A) La forma de la ciudad establecida según su dimensión arquitectónica puede cubrir la totalidad de la superficie, pero no necesariamente de un modo homogéneo y continuo. Es característico de ella una organización secuencial de imágenes pictórico-escultóricas que la hacen disponible. Como los dedos de un guante, las rutas pueden ser equivalentes y paralelas, pero invisibles entre sí. Quién recurre al transporte colectivo conoce esto muy bien, pero incluso el automovilista, que tiene mayor libertad para desplazarse, diseña sus rutas óptimas según lo que recuerda de la ciudad. Esto conduce finalmente al establecimiento de discontinuidades, de zonas desconocidas, virtualmente improbables en la historia de los desplazamientos de un individuo.

B) Con la forma de la «pura visualidad» también es posible discriminar entre lo accidental y lo permanente, según esto pueda darse o no en una dimensión espacial y temporal. La referencia es el cuerpo humano que recorre el espacio en el tiempo real. Cuando viajamos en el trén subterráneo para aparecer de sopetón en otro punto de la ciudad, cuando cruzamos por un paso bajo nivel o utilizamos una carretera subterránea, destruímos la secuencia de cuadros pictóricos y por ende perdemos la noción de la forma.

C) La alteración de la forma de la ciudad implica afectar no sólo la posibilidad de un desplazamiento espacial (la dimensión arquitectónica), sino también, la alteración de la dimensión pictórico-escultórica. En Santiago, por ejemplo, junto con la aparición de la alta torre de Telefónica, apareció también la posición de la Plaza Baquedano en el skyline de la ciudad, incorporándola como referencia en recorridos geográficamente lejanos.

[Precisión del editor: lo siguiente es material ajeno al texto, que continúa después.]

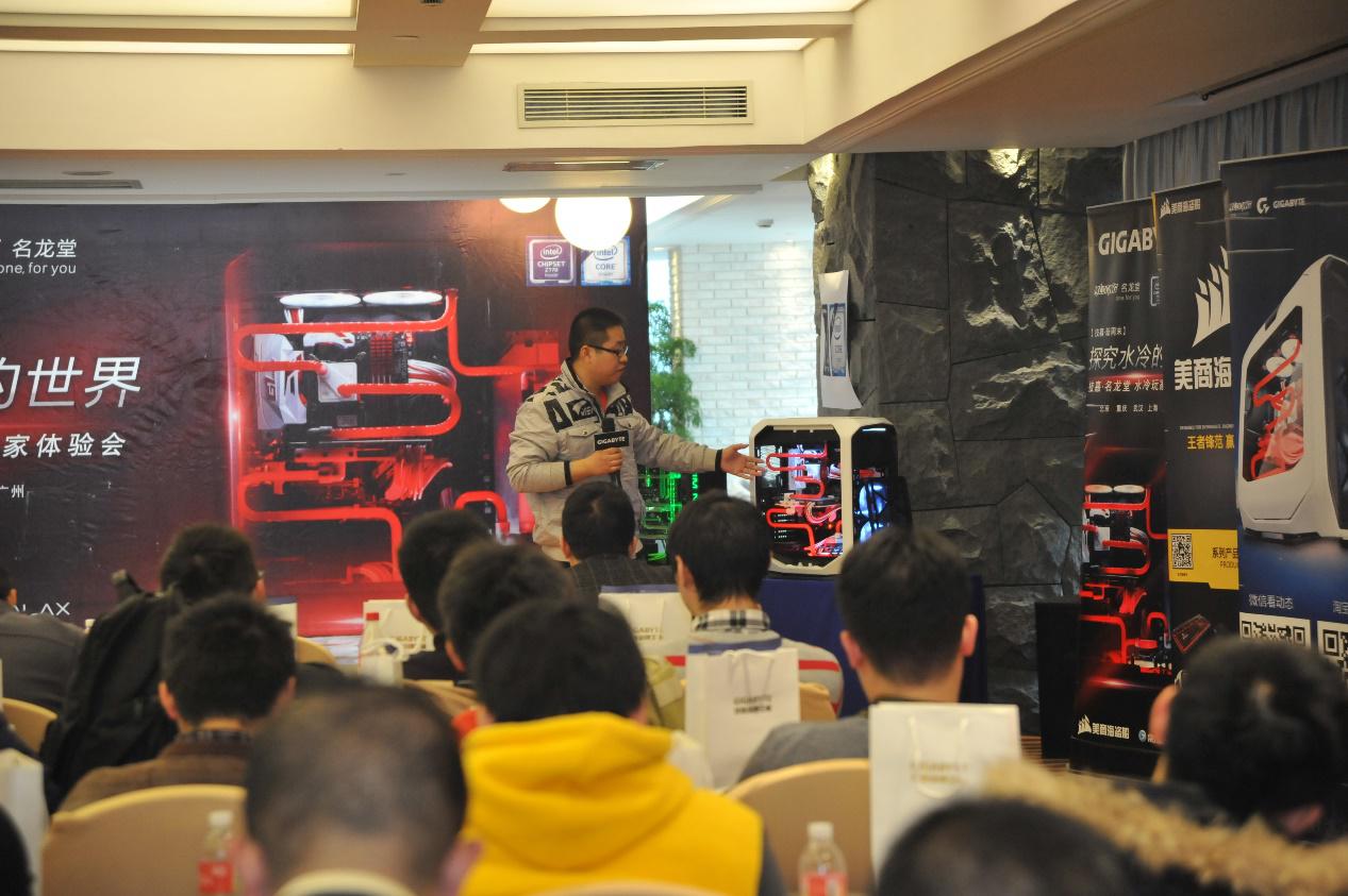 隨著個人PC市場越來越成熟,許多DIY玩家開始追求個性化、高性能的定制機。2015年9月19日,由技嘉與名龍堂聯合舉辦的水冷玩家體驗會上海站正式開幕。在本次的體驗會中,現場邀請了玩家、廠商與經銷商三大群體共同探討水冷方案的產品理念及技術,同時技嘉聯合影馳、海盜船為現場的玩家們展示了旗下的眾多產品,還有名龍堂提供的水冷平臺,吸引了眾多玩家們關注和體驗。

Volviendo a nuestra pregunta inicial sobre las características de aquello que llamamos forma de la ciudad (y, más ambiciosamente, de la forma de los objetos en general), nos atreveríamos a proponer lo siguiente: forma es aquella sucesión de imágenes (pictórico-escultóricas) cuya secuencia y significado corresponde con lo «esperado» arquitectónicamente. La cuestión está entonces en definir qué es lo esperado: lo que es posible hacer disponible (o real) por medio de un recorrido espacial. Todo aquello que no corresponde con lo esperado en este sentido (como el cambio alternativo de la dirección del tránsito de una calle, o los trayectos subterráneos) cambia o disuelve la forma de la ciudad.
Esta cuestión en particular podría ofrecernos una referencia adicional a la hora de evaluar críticamente las decisiones que tomamos sobre las ciudades y sus obras de infraestructura.